There are no existents, no states, in multiplication and division. You are speaking of different operations – ones you made up, invented, imagined, created in your head.
Because the result of division is the number of elements within each one of the groups. We are counting the number of elements within groups, not the number of elements outside of these groups. When there are no groups, there is nothing to count, therefore, the result is undefined.
Ecmandu this is getting silly. Now everyone is telling you that you are wrong but you are not listening to them. You have to realise
that maths is useless unless there is universal agreement on the function of its axioms and everyone here know this apart from you
The concept of existence Becomesrelevant issue here.
The consciessness which makes meaning manifest in
this context, brings the patent theory of meaning to the fore, thereby ‘existence’ gains meaning.
Which brings to the fore the the idea of 0 as symbolic of nothingness. A nothingness which has a double value: a conceptual nothingness, and a functional nothingness.
How does this relate to consciousness of the void qua nothingness, as a lack of existence?
The significance of this train of thought lies in another difference, but one which subsumed the former, vis: conscience as a self differentiating function, or as a pre-existing field of possibility.
In the later case, the field or whatever you designate it, ‘exists’ prior, not in the temporal sense, of course,
but in the sense of a a shift away from a quantifiable difference.
This difference is evident in the sharp difference in the awareness of human beings away from animals.
The quanta(fiability) has changed the quality of awareness to a high degree and has progressed to the awareness of the in-it’s self, as a probable field.
In this sense, the idea of 0 , as nothingness, has gained a material substance.
You can divide by this, but it is always self consuming, and always results with the same result, = 1. It is the most basic logical equation, the law of identity.
I hate to agree with you for the appearance of a necessary presumption, but if you don’t get side-railed, then there is no danger of a misinterpretation.
I’m not a mathematician so bear with my inexperience… but I don’t think that anybody here has actually stipulated which definition of “0” they are working with?
If 0 is understood as a Robinson infinitesimal in non-standard analysis, then 2/0 does indeed equal infinity, and 0/2 does indeed equal 0 (I think. I’m not pretending I understand non-standard analysis - I read about it in a book). On the other hand, if 0 is considered as “the null set”, the expression 0/2 is simply not admissible because the null set does not contain 2 subsets. (In fact you might like to argue, just to be mischievous, that to be divisible by 2, the null set would have to contain three subsets - can you guess why?)

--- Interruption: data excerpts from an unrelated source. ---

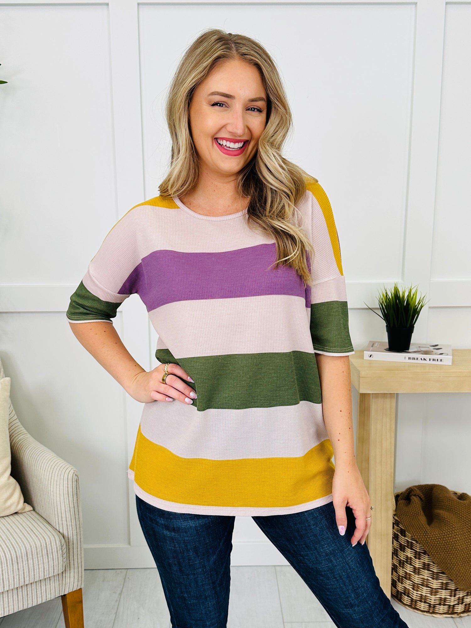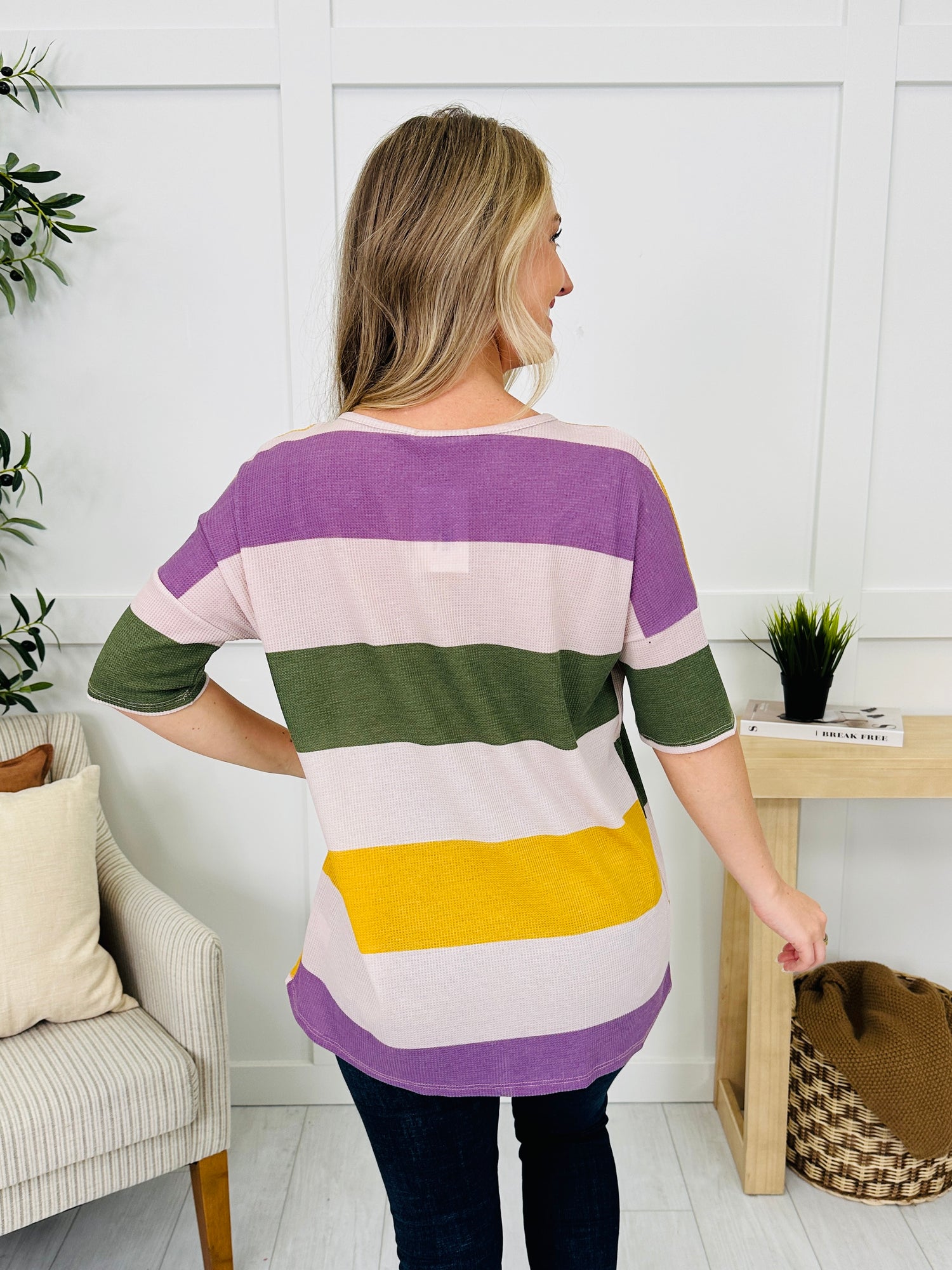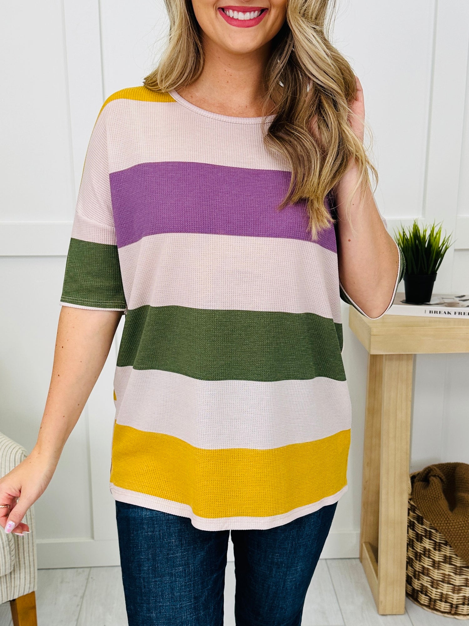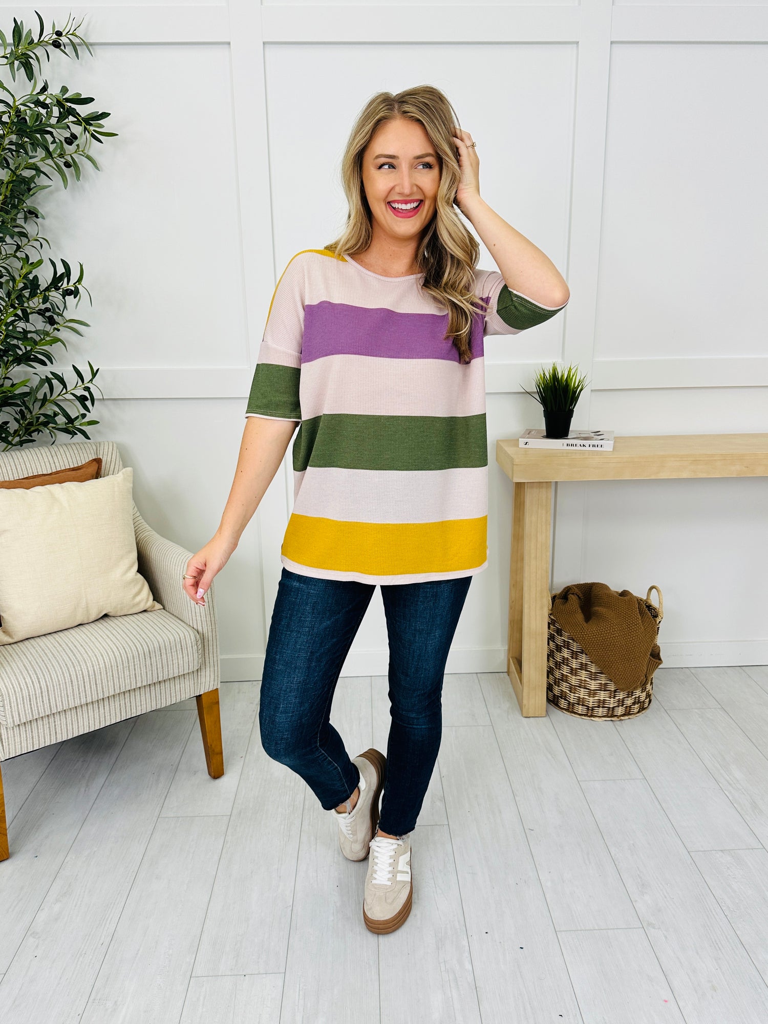 Brighten up your wardrobe with this playful, colorblock striped top. The soft, textured knit offers a comfortable feel, while the short sleeves and relaxed fit keep it easy to wear all day long. Perfect for pairing with your favorite denim or leggings, this fun piece adds a touch of bold, cheerful style to any casual look.
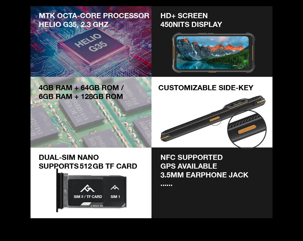 AGM H5 6+128G Rugged Smartphone Large Capacity 7000MAH IP68/IP69K Cell Phone 3.5W Loud Speaker Night Vision
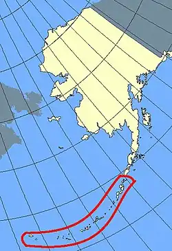 In 1853, prior to the purchase of Alaska by the United States, the United States Navy sent the USS Fenimore Cooper to the Aleutian Islands with the aim of locating potential harbors and find coal deposits. No coal deposits were found.[1] In 1867, the United States purchased Alaska from the Russian Empire.[2] By 1869, a number of military posts had been established by the Government of the United States, although the Aleutian Islands did not receive such a post, with the nearest post being located on Kodiak Island.[3] The United States Army made the decision to leave the exploration of the Aleutians to the United States Navy, and the latter showed little interest in doing so.[1] The Aleutian Islands played a small role in the ongoing sealing dispute between the United Kingdom and the United States, which later culminated in the Bering Sea Arbitration. In 1888, following what the United States Government saw as an infringement on the nation's sovereignty by Canadian and Japanese sealers, the United States Navy sent a number of its ships to Unalaska to police the foreign sealers. By 1891, an accord had been reached between the United Kingdom and the United States, and for some time a number of British and American vessels remained in Unalaska to enforce the deal.[4]
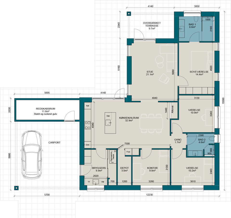 Prisen vokser med antallet af kvadratmeter, men kvadratmeterprisen kan variere alt efter valg af materialer og arkitektur. Tænk over, hvad du har brug for nu – og i fremtiden. Vi skal nok hjælpe dig med at få det maksimale ud af pladsen – nogle gange kræver store idéer færre kvadratmeter, end man skulle tro.
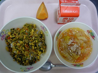そぼろごはん、中華スープ、柿、牛乳
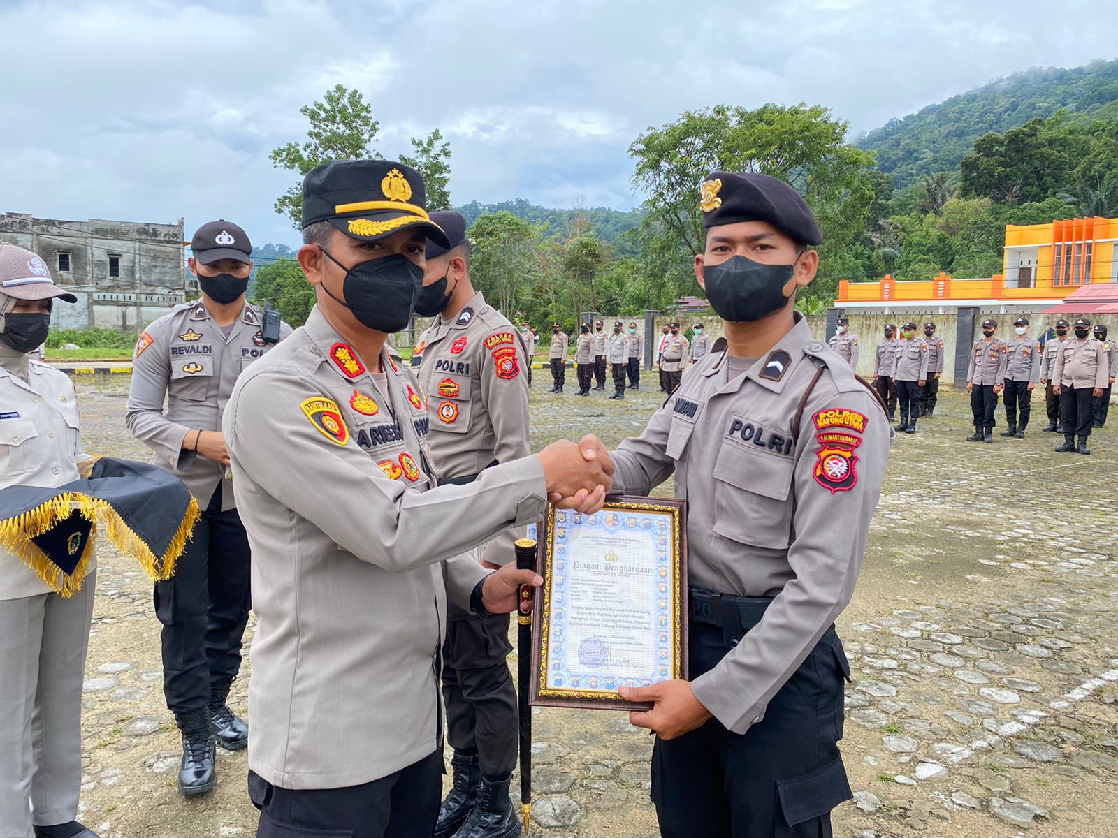 Kayong Utara – Kapolres Kayong Utara AKBP Arief Hidayat, S.H., S.I.K memberikan penghargaan kepada personel Polres Kayong Utara yang berprestasi, dalam sebuah upacara di halaman Mapolres Kayong Utara, Senin (05/12/2022).
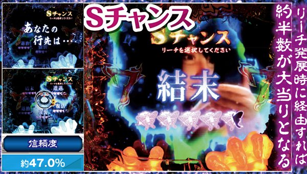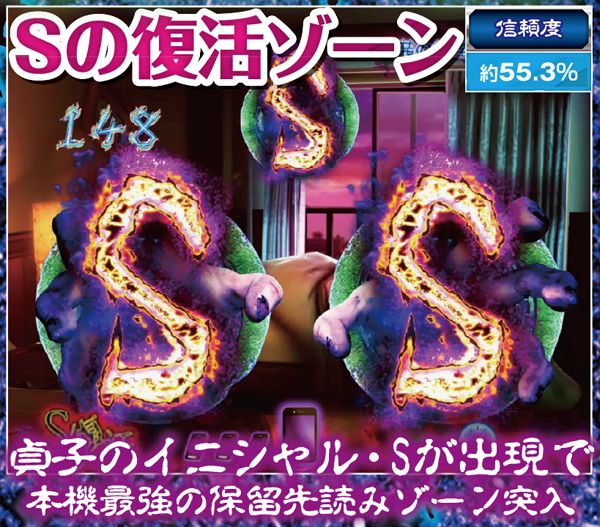 S図柄が3つ揃うと発生。本機最強の先読みゾーンで、ストーリー系リーチの発展も約束される激アツのアクションだ。

Mathematics is another language altogether, and what you expressed pretty well describes the philosophical underpinnings of the different meanings of 0. Mathematically, 0 deals with value in the abstract, whereas 0=nothingness deals with the
s
ubstantial, philosophical underpinnings of meaning.
So we are in essence speaking in similar subsumed equivalencies.
Ahh… someone with at least a tiny bit of education…
That could be true except to refer to hyperreal numbers requires that one use hyperreal notation or at very least specify such. A variety of hyperreal notations have been offered by pretty well known mathematicians. I have my own notation (for philosophical reasons). And another thing that is required, although unknown to many mathematicians, is logic. Mathematics is a subset of logic and cannot defy logic in its construction without becoming incoherent and useless.
Again, if using proper notation, “0” is undefined because the “degree of 0” isn’t being specified.
0.000…:000 / 2 would still be 0.000…:000
or my own notation:
[0.000…:0R] / 2 = [0.000…:0R] {R == “eternally Remaining amount for sake of non-ending decimals”}.
That is an excellent observation, although I would disagree with your logic.
One cannot divide 2 by a null set, because the statement itself makes no sense (hence is “undefined”). But dividing nothing yields nothing, always. The number of parts requested is irrelevant. Thus;
0/2 = 0, just as standard analysis proposes.